> _Problem details_: The whole listing should be retyped word for word, apart from the pictures it holds.

> _Data_:
Content starts
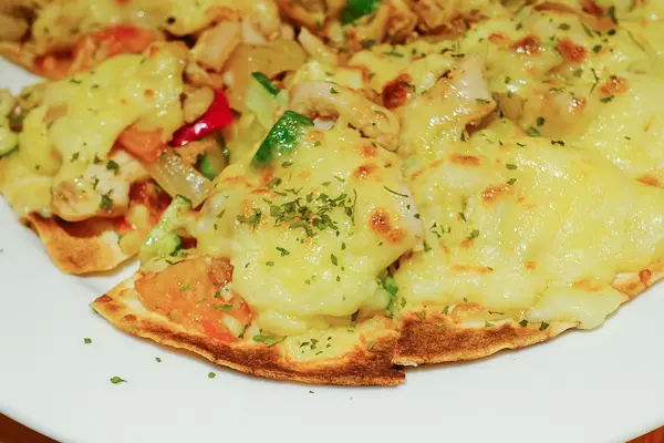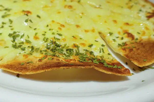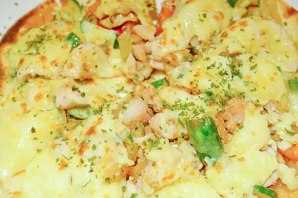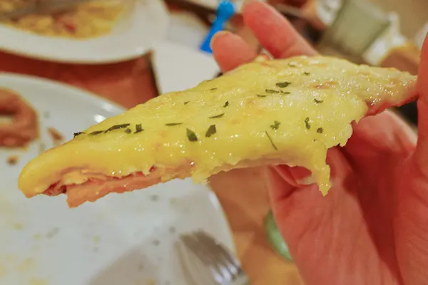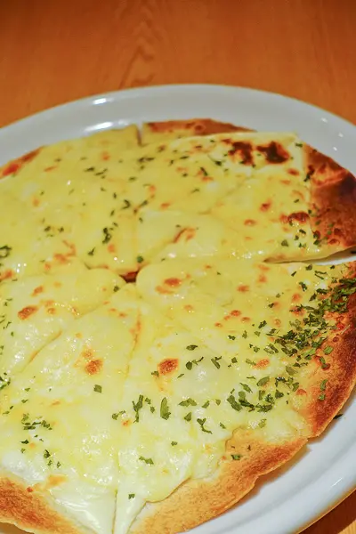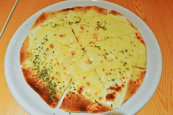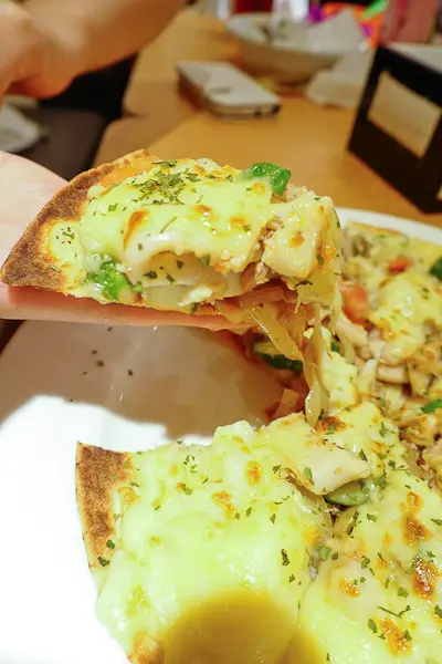 微焦帶褐的薄片披蕯,鋪滿嫩黃起司灑上些許綠色香草屑增香添色,
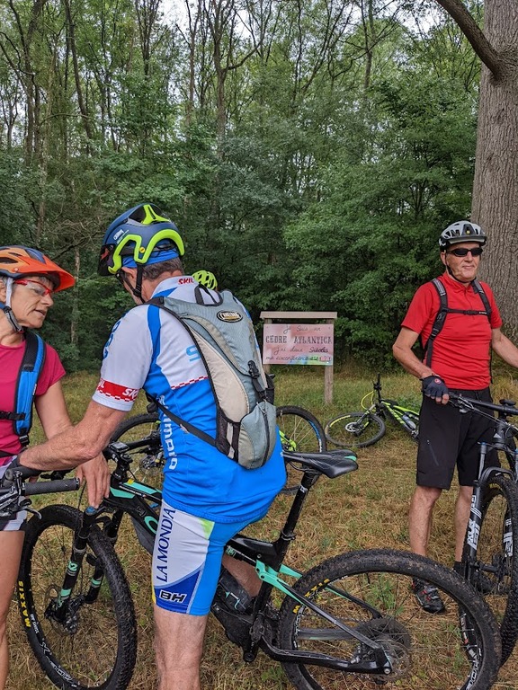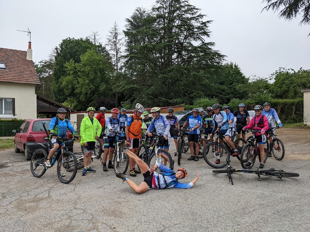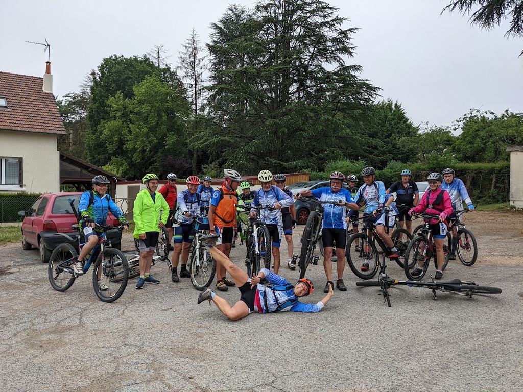 Il fait bon ce matin; nous sommes 22 au rendez-vous et bonne nouvelle, les équipes se sont très bien organisées et le défléchage prévu sur 2 jours était fini lundi. Nous somme donc "relaxe". Dans ces conditions, le chef décide de faire une sortie balade juste pour le plaisir de faire un tour ensemble. Ce sera fort agréable ; nous allons jusqu'à l'étang de Lunay sur de bons petits chemins; J.Paul nous fait faire un arrêt crevaison; un petit tour dans le bois au dessus de l'étang et un retour bien sympa mais un peu plus pentu nous ramène à Vendôme. Un petit détour par le Lycée Ampère où christian Drouin nous offre un pot pour son départ de Vendôme vers Briançon... dommage c'est un bon compagnon de VTT ; il s'était fort bien intégré au groupe. Mais nous le reverrons ; il a encore des attaches familiales dans la région et nous espérons bien le voir revenir pédaler avec nous quelques fois et pourquoi pas ... aller pédaler avec lui sur son nouveau terrain bien accidenté.
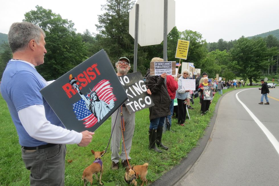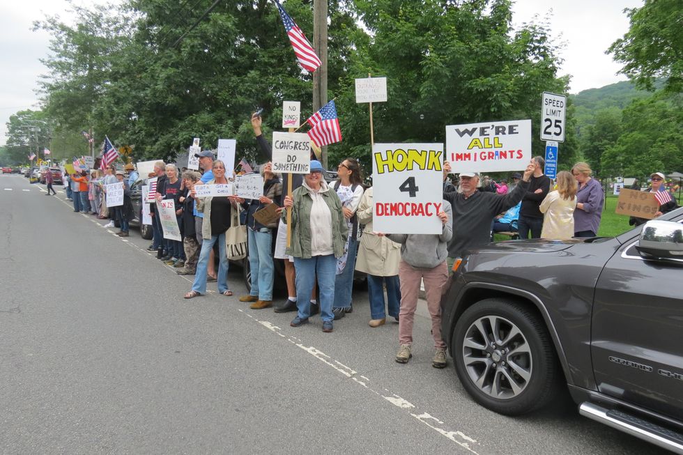 In Cornwall, Doug Craig, holding a huge sign of a crown being slashed, said he’s mainly concerned that Trump’s big bill “has too many hidden things.” Paul Bacsik of Sharon said, “We need co-branches of government, not one.”
Content ends
> _Expected answer_:
 微焦帶褐的薄片披蕯,鋪滿嫩黃起司灑上些許綠色香草屑增香添色,
 Il fait bon ce matin; nous sommes 22 au rendez-vous et bonne nouvelle, les équipes se sont très bien organisées et le défléchage prévu sur 2 jours était fini lundi. Nous somme donc "relaxe". Dans ces conditions, le chef décide de faire une sortie balade juste pour le plaisir de faire un tour ensemble. Ce sera fort agréable ; nous allons jusqu'à l'étang de Lunay sur de bons petits chemins; J.Paul nous fait faire un arrêt crevaison; un petit tour dans le bois au dessus de l'étang et un retour bien sympa mais un peu plus pentu nous ramène à Vendôme. Un petit détour par le Lycée Ampère où christian Drouin nous offre un pot pour son départ de Vendôme vers Briançon... dommage c'est un bon compagnon de VTT ; il s'était fort bien intégré au groupe. Mais nous le reverrons ; il a encore des attaches familiales dans la région et nous espérons bien le voir revenir pédaler avec nous quelques fois et pourquoi pas ... aller pédaler avec lui sur son nouveau terrain bien accidenté.
 In Cornwall, Doug Craig, holding a huge sign of a crown being slashed, said he’s mainly concerned that Trump’s big bill “has too many hidden things.” Paul Bacsik of Sharon said, “We need co-branches of government, not one.”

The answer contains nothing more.